In large bowl, whisk together egg yolks and sugar until ribbons fall from whisk and yolks have lightened in color. Add ladle of sweet potato mixture and whisk thoroughly. Continue, one ladle at a time, until bottom of bowl feels warm. Then return mixture to sweet potato purée and stir to combine. Cook on low heat until mixture coats back of spoon and leaves clean line when you swipe finger through it. Remove from heat, stir in bourbon, and pour into container to chill overnight, covered. Churn next day according to manufacturer's instructions. Put ice cream in freezer for at least one hour to firm up.
For the cookies: In stand mixer, cream butter and sugar on high speed for several minutes, until mixture looks like fluffy mashed potatoes. Add salt, baking soda, spices, and ginger; mix to combine.
Scrape down sides of bowl, then add molasses. Mix until combined, then add egg. Add flour in three or four installments, scraping down bowl in between. Start mixer on low speed then increase to medium. Mix in flour just until combined—do not overmix.

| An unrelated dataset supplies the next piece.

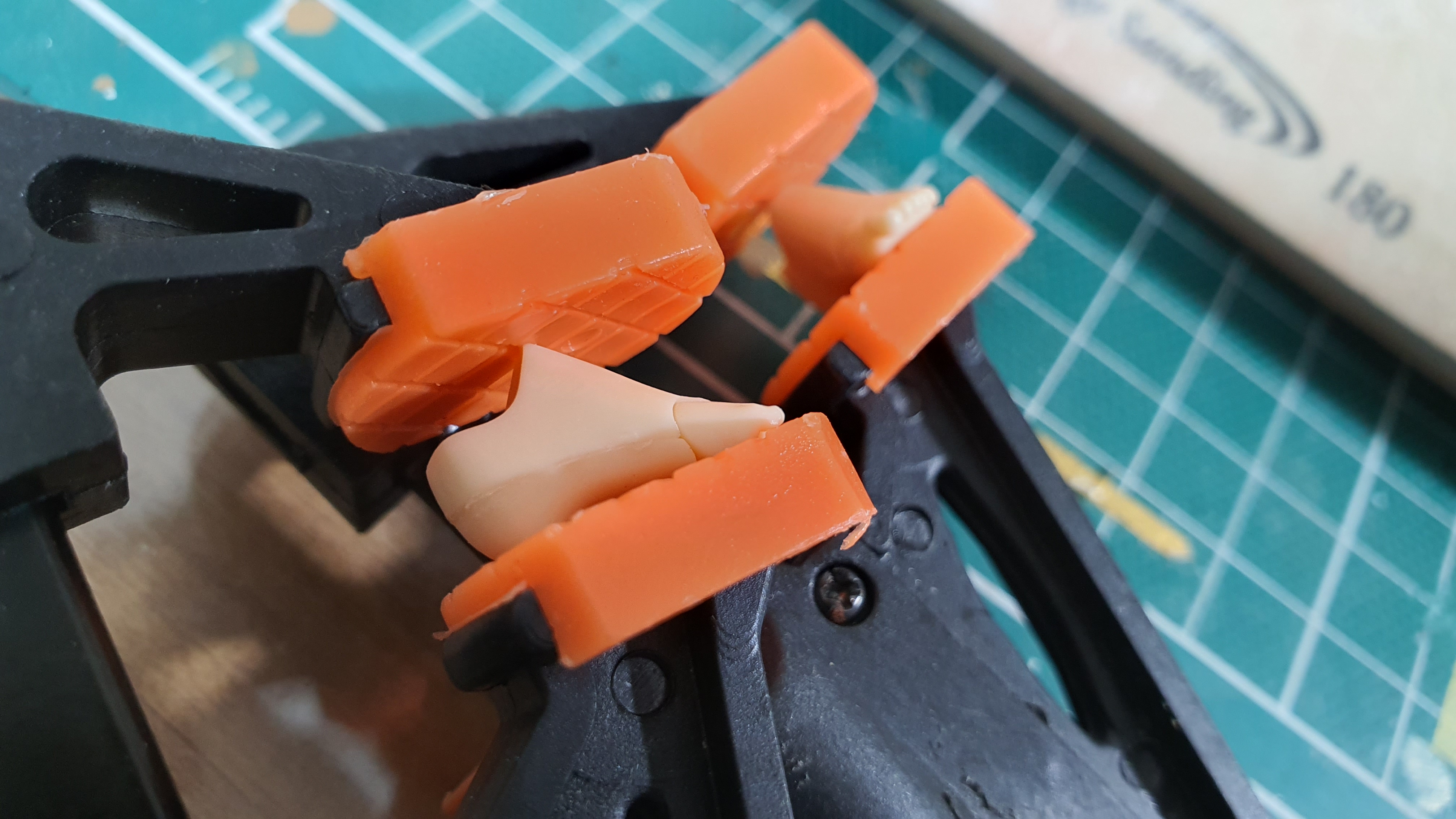 역시 성공적으로 접착제가 발라진 발목 부품.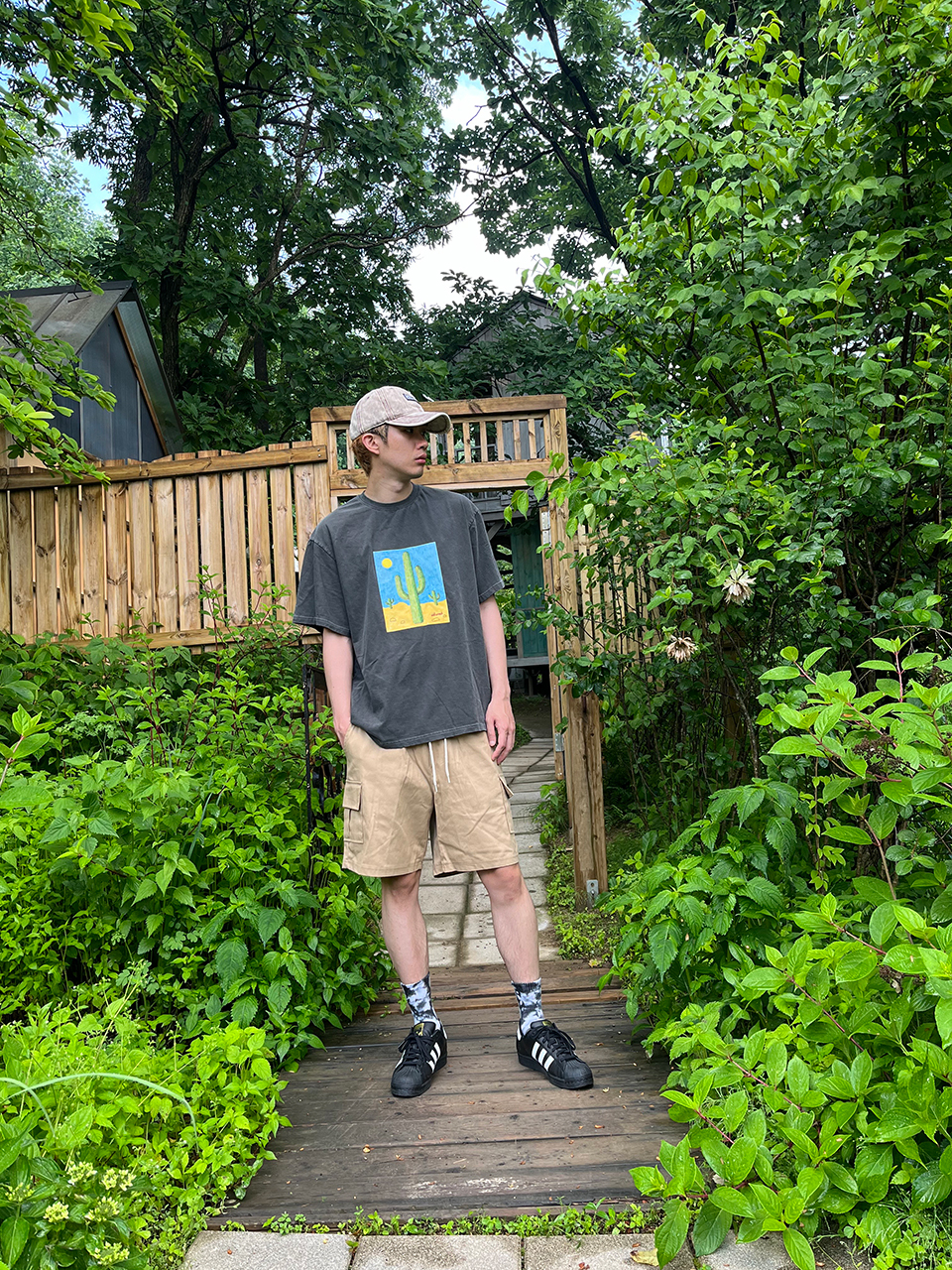 REVERSE 서클 로고 하프 팬츠 (차콜)

Heat oven to 325°F, adjust racks to upper middle and lower middle position. Use two-tablespoon scoop to portion 20 balls of dough on two buttered rimmed baking sheets (leave plenty of space between portions). Chill in freezer for 10 minutes. Flatten dough into even discs. Bake until edges have turned a dark brown, tops of cookies are firm, and a thin metal spatula can easily lift them off the pan, about 20 minutes. Cool completely on cooling rack.
Assembling and serving: Let ice cream soften on counter for 20 minutes. Scoop three tablespoons of ice cream onto half of cookies, then squash flat with other half of cookies. Serve immediately, or wrap individually in plastic wrap and freeze. If serving frozen, let sandwiches sit at room temperature for 10 to 15 minutes so ice cream can soften.